World Celebrates Press Freedom Day, Julian Assange Remains In Belmarsh Prison

Above photo: Julian Assange. YouTube screenshot.

As people worldwide celebrate the UN’s World Press Freedom Day on 3 May, WikiLeaks publisher and journalist Julian Assange remains incarcerated.

The US continues to demand Assange’s extradition for his role in obtaining and publishing national defence documents from 2009 to 2011. The leaks, provided by US Army whistleblower Chelsea Manning, are known as the Guantanamo Files, the Iraq War Logs, the Afghan War Diary, and the US diplomatic cables (aka Cablegate).

There are noteworthy parallels which can be drawn between Assange’s case and that of famed US Pentagon Papers whistleblower Daniel Ellsberg. Ellsberg was a former senior adviser and analyst with the defence and state departments during the Vietnam War. And in fact, he was prosecuted by US president Richard Nixon’s administration with the very same law now being used against Assange.

Ellsberg and Assange each helped to reveal war crimes and other criminality by the US government. They were both subjected to warrantless wiretapping and violations of their privileged communications. And they both faced possible assassination, or at least the risk of serious harm, at the US government’s hands.

Evidence of government misconduct ultimately led to the judge dismissing the case against Ellsberg in May 1973. But in Assange’s case, district judge Vanessa Bairatser either ignored or downplayed the significance of state misconduct directed towards Assange, his family, and his lawyers. Had it not been for her conclusion that Assange was at substantial risk of suicide should he be extradited, judge Baraitser would have granted the US government’s extradition request.

Revealing war crimes

Both Ellsberg and Assange helped bring to light information about war and international politics that was demonstrably in the public interest.

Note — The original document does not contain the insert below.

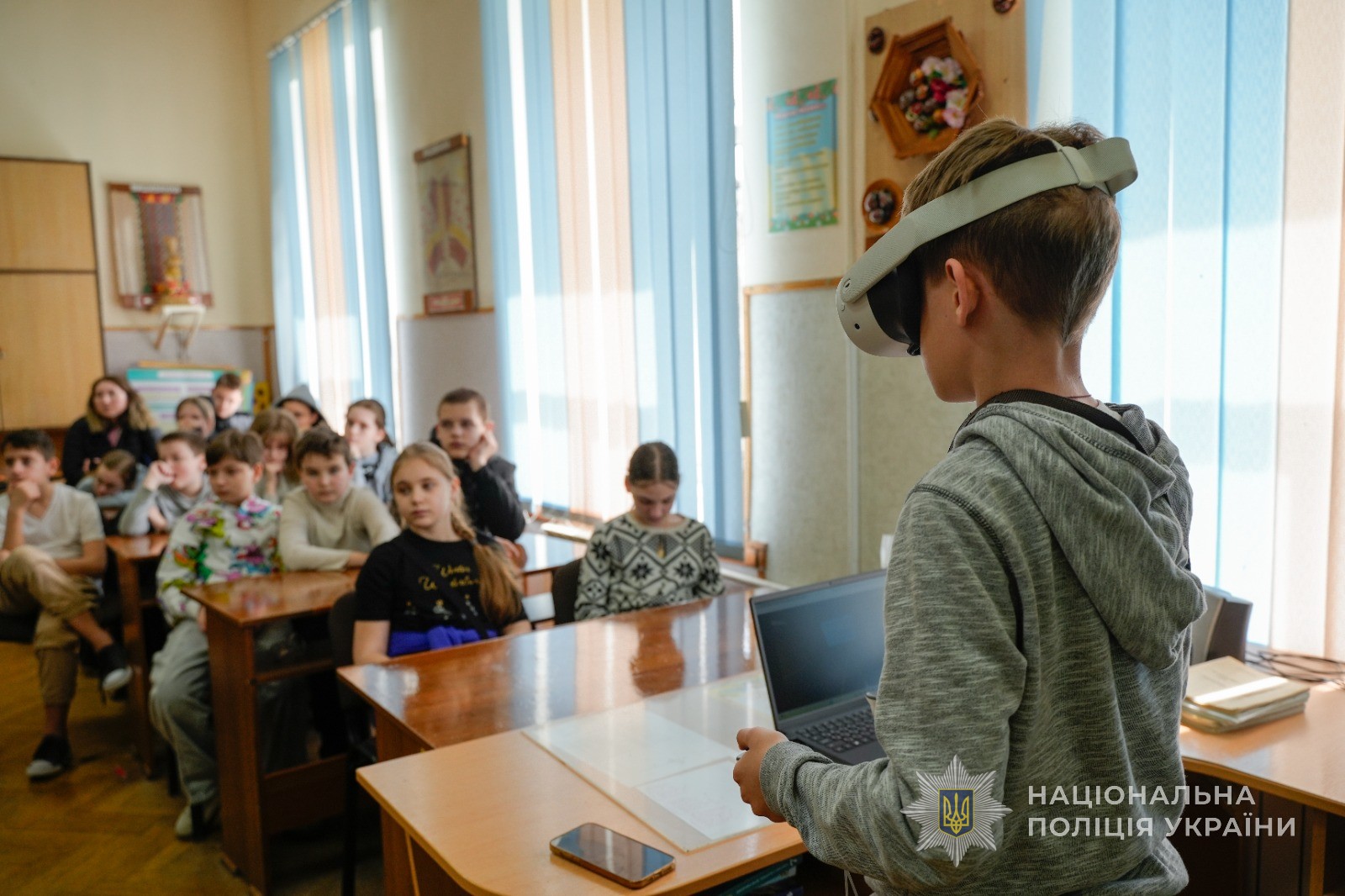 Як розповіла начальник відділу ювенальної превенції управління превентивної діяльності ГУНП в Одеській області Вікторія Чалова, ювенали використовували VR-окуляри для інтерактивних квестів. Учні гімназії спостерігали за віртуальними ситуаціями, наприклад, булінгом, і приймали рішення, як правильно допомогти та захистити того, кого ображають. Інші учні спостерігали за діями виконавців завдань на екрані, що перетворювало навчання на командну дискусію.

Ellsberg, who unlike Assange is a US citizen, worked for the government and was the one who leaked the documents. His revelations exposed the myriad of lies and secrets, over four separate presidencies, that facilitated the US invasion of Vietnam. Lies which ultimately led to a war responsible for killing around 3.8 million Vietnamese people (with one estimate as high as 7.3 million). It was also responsible for killing over 58,000 US soldiers and tens of thousands of Laotians and Cambodians. The war also resulted in up to 500,000 women turning to sex work. And it saw the US military dump 70 million litres of highly toxic herbicides, namely, “Agent Orange”, throughout the countryside.

Ellsberg’s charges related to him copying the Report of the Office of The Secretary of Defense Vietnam Task Force (aka Pentagon Papers). He then passed these on to the New York Times and Washington Post. The outlets proceeded to publish excerpts. But his leaks were ultimately dwarfed in size by the 700k documents Manning passed on to WikiLeaks in 2009 and 2010.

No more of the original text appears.